London, Dec 2: The seemingly unstoppable yen will cede some terrain against the dollar over the next 12 months as Japan's economic recovery disappoints, currency analysts surveyed by Reuters predict. "When the GDP numbers come out toward the middle of next year, people will realise that the economic recovery was a myth," said Chris Furness of 4-Cast in London. "The economy will still be in trouble."But despite potential problems on the growth front, the yen is in no danger of falling out of bed against the dollar and tumbling to lows seen last year, the survey suggests. According to the median forecast of 47 analysts polled on December 1-2, the dollar will be at 110 yen in 12 months. The range was 87 to 145. But near term, the dollar was still seen flirting with the 100 yen level. The analysts put it at 102 yen in one month, then firming to 105 yen in three months and 106.50 yen in six months.

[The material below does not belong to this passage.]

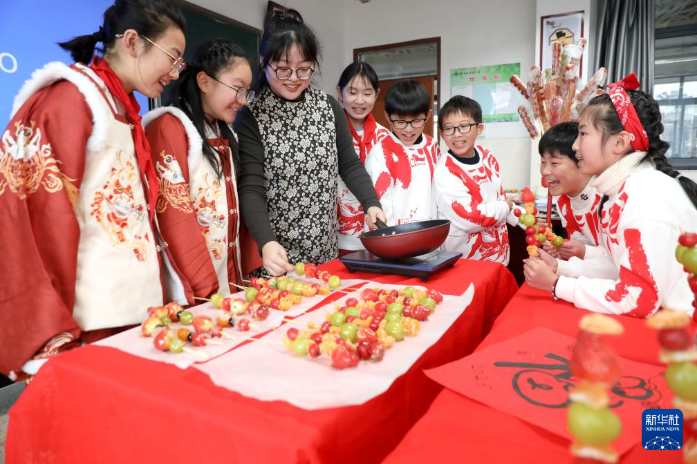 12月30日,在浙江省杭州市桐庐县迎春小学举行的迎新年活动中,老师在指导学生制作糖葫芦。
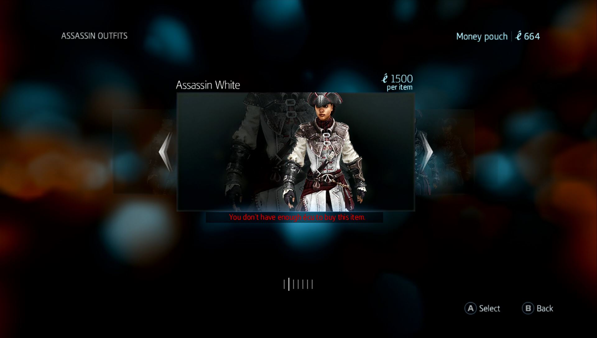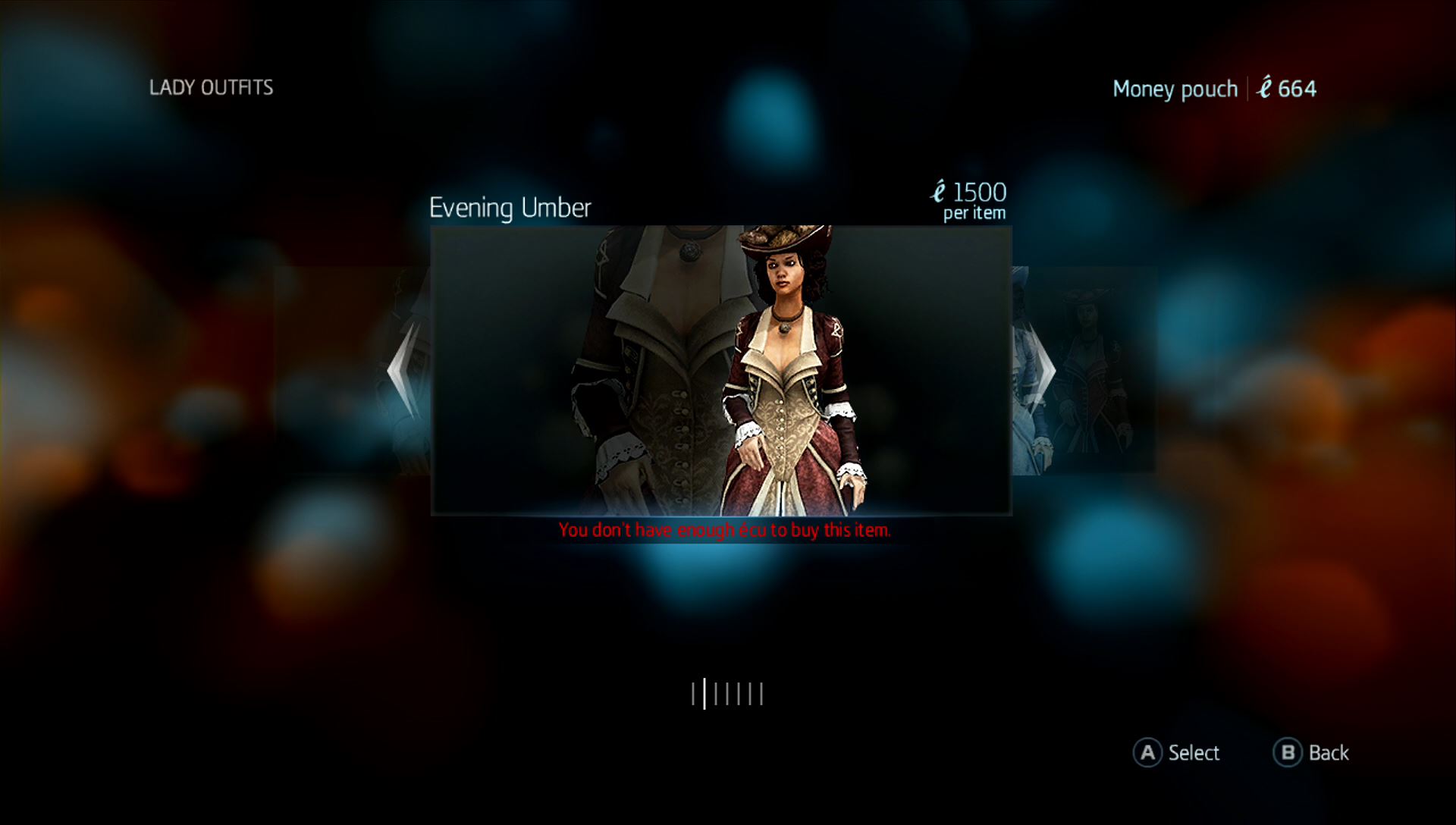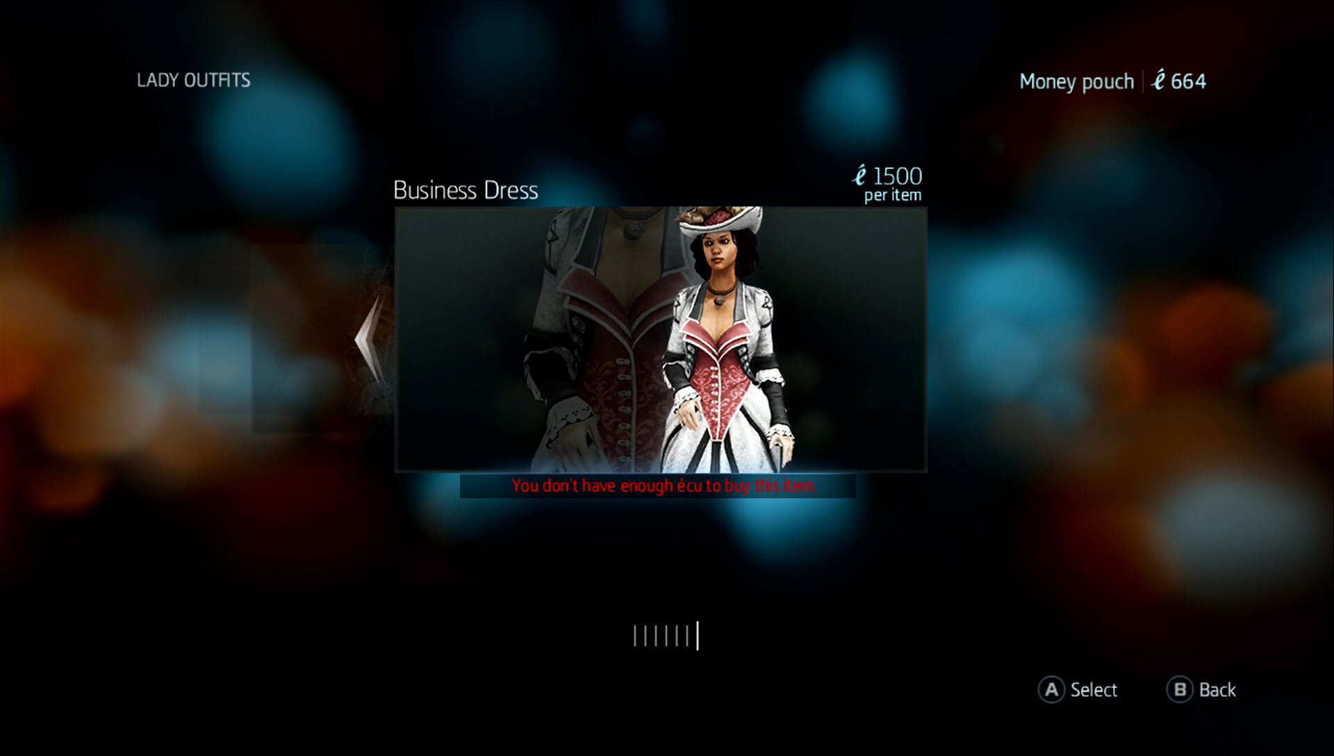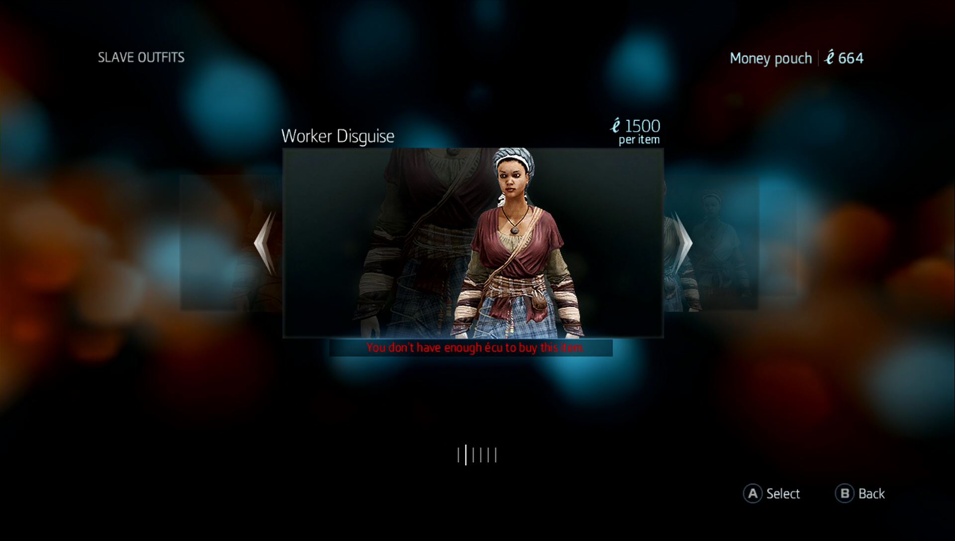 Assassin's Creed Liberation HD provides a lot of customization; most of it turns out to be purely cosmetic, however there are a few functional upgrades such as a cartridge pouch upgrade early game. All items are purchased with écu.

The dollar was at 102.67 yen at mid-morning on Thursday. Sal Gautieri of the Bank of Montreal saw the yen weakening against the dollar over the coming 12 months but more as a result of US Federal Reserve Board tightening. "We expect the Federal Reserve to raise interest rates by 50 basis points in the first half of next year so the interest rate spread moves in favour of the U.S. Dollar," he said. "It's a cyclical negative development (for the yen)." But "the long term trend seems supportive of the yen," he said, predicting the Japanese currency would start gaining against the dollar in early 2001."
The dollar is down 17 percent from its 12-month high against the yen as investors have charged back to Japan to cash in on a recovery. But economists noted the dollar's weakness was against the yen alone rather than against all major currencies - a consolation for US investors. Broad-based dollar weakness could threaten the nearly nine-year-long US expansion by putting the spotlight on the massive US trade deficit.